Howard L. Kaufman, MD: Yes. The earlier you intervene, the better, particularly for things like the hypophysitis. I think even the pneumonitis in some patients can be very subtle in its initial presentation. And so, I think if you’re astute and if a patient says, “I’ve had a cough, I’m sure it’s nothing,” don’t necessarily let them get away with that. We’ve had a lot of the pituitary dysfunction. I’ve been able to pick it up because a family member will say, “He’s just not behaving the right way.” And sure enough, we’ll go and measure the endocrine, the hormones, and we’ll see that there’s a problem. So, early intervention, I think, is really key. Educating the patients and taking them seriously when something just doesn’t seem right is really critical.
Mark A. Socinski, MD: Any comments from the left?
Dean F. Bajorin, MD: I would agree. Have a high index of suspicion, hyperacuity. Monitor the things you don’t ordinarily see, such as panhypopituitarism, when they say, “I’m feeling a little fatigued.” If you’re not thinking of it, you’re not going to do it. And program it in so that you’re doing thyroid function tests on a regular basis. And with thyroid, add the cortisol. That issue about tapering slowly, it means starting hard, quick, and high and then tapering slowly at the back end. The hepatitis keeps flaring up again, as well.
Jared M. Weiss, MD: I was just going to say I think we all react to what we’ve seen in the phase I trials that we’ve been involved in. That’s what happens in medicine. Those are the cases that you remember. So, if you’ve seen hypophysitis, you think of that. If you’ve seen severe pneumonitis, you think of that. But the problem here is that unlike chemotherapy, it’s the spectrum of almost any autoimmune…
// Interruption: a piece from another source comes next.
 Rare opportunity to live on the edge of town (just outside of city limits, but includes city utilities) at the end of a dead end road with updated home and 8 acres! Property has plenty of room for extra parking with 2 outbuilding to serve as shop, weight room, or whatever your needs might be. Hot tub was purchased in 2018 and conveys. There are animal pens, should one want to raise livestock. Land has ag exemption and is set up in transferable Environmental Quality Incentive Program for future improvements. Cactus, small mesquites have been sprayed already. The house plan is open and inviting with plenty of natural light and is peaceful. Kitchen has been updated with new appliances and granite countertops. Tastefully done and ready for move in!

Mark A. Socinski, MD: Any “itis”
Jared M. Weiss, MD: Any “itis" you could imagine—pericarditis, pneumonitis, colitis. And the average symptom that you’re going to see with one of these drugs is not going to be related to the drug. It’s going to be, more likely to be, something else, and that makes diagnosis incredibly hard. It was said once or twice on the panel, and it’s worth saying at least a third time, that you just have to have a low threshold to think of anything and to potentially act on it. Because there’s much greater harm from not acting on it than from acting a little bit too often.
Mark A. Socinski, MD: That’s because we don’t take many of the phone calls, our nurses do. And so, the education of oncology nurses is critical here, to recognize these things and the things that you can’t ignore. Because we may not hear about them until they’re much more severe.
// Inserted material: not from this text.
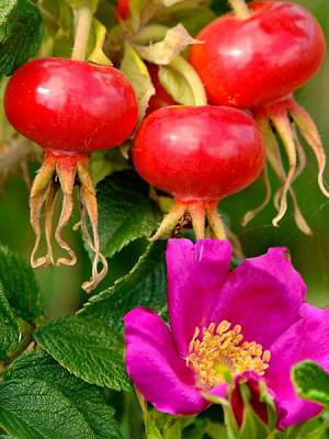 Шиповник Юбилейный. Практически полностью лишен способности давать корневые отпрыски. Плоды демонстрируют абсолютно сухой отрыв, что делает сбор, хранение и переработку ягод максимально удобной и быстрой.

Jared M. Weiss, MD: These drugs may be much less toxic than chemotherapy, and I certainly am less scared of them than chemotherapy. If I had to go on one of these drugs, even in combination, or chemotherapy, I’d rather go on the combination, for toxicity reasons. However, the spectrum of toxicities is so different from what we’re trained to manage, what our nurses are trained to manage, that education really couldn’t be underscored enough.
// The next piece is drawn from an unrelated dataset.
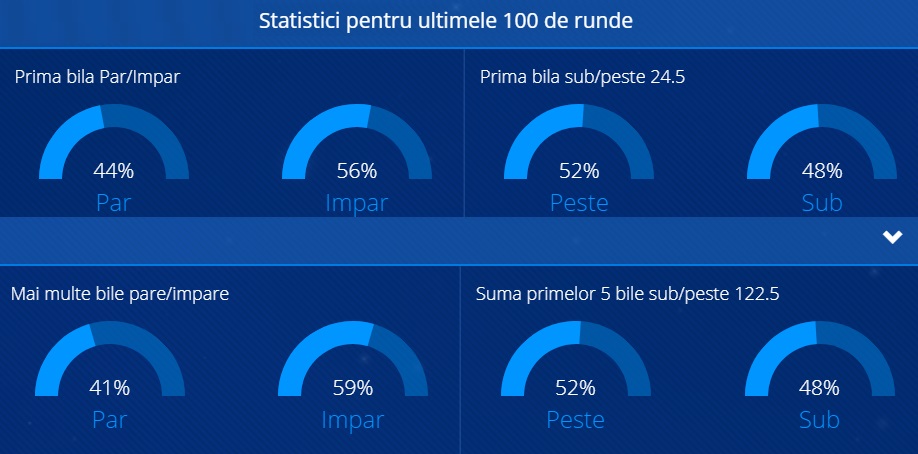 PublicWin pune la dispozitie jucatorilor o serie de statistici imperios necesare celor ce isi doresc sa obtina profit! PublicWin isi respecta clientii punandu-le la dispozitie statistici pentru ultimele 100 runde la LuckySix, in care pot fi urmarite cele mai extrase bile, cele mai putin extrase bile, culoarea primei bile, suma primelor 5 bile sau numarul primei bile.

John V. Heymach, MD, PhD: I just want to expand on that and a point that Dean made. We often refer to the art of medicine as if there’s some magic creativity that you can’t distill. I think this is a good case, where we really should be programming in or making algorithms. What we’re saying is, essentially every patient that’s starting these treatments should get their T4 and their TSH monitored on this schedule. They should be getting their liver function monitored on this. This is really a case where I think having better developed algorithms, as opposed to leaving it to people to recognize something they haven’t seen before, is important.
Jared M. Weiss, MD: Especially more and more rapidly, as new drugs come out.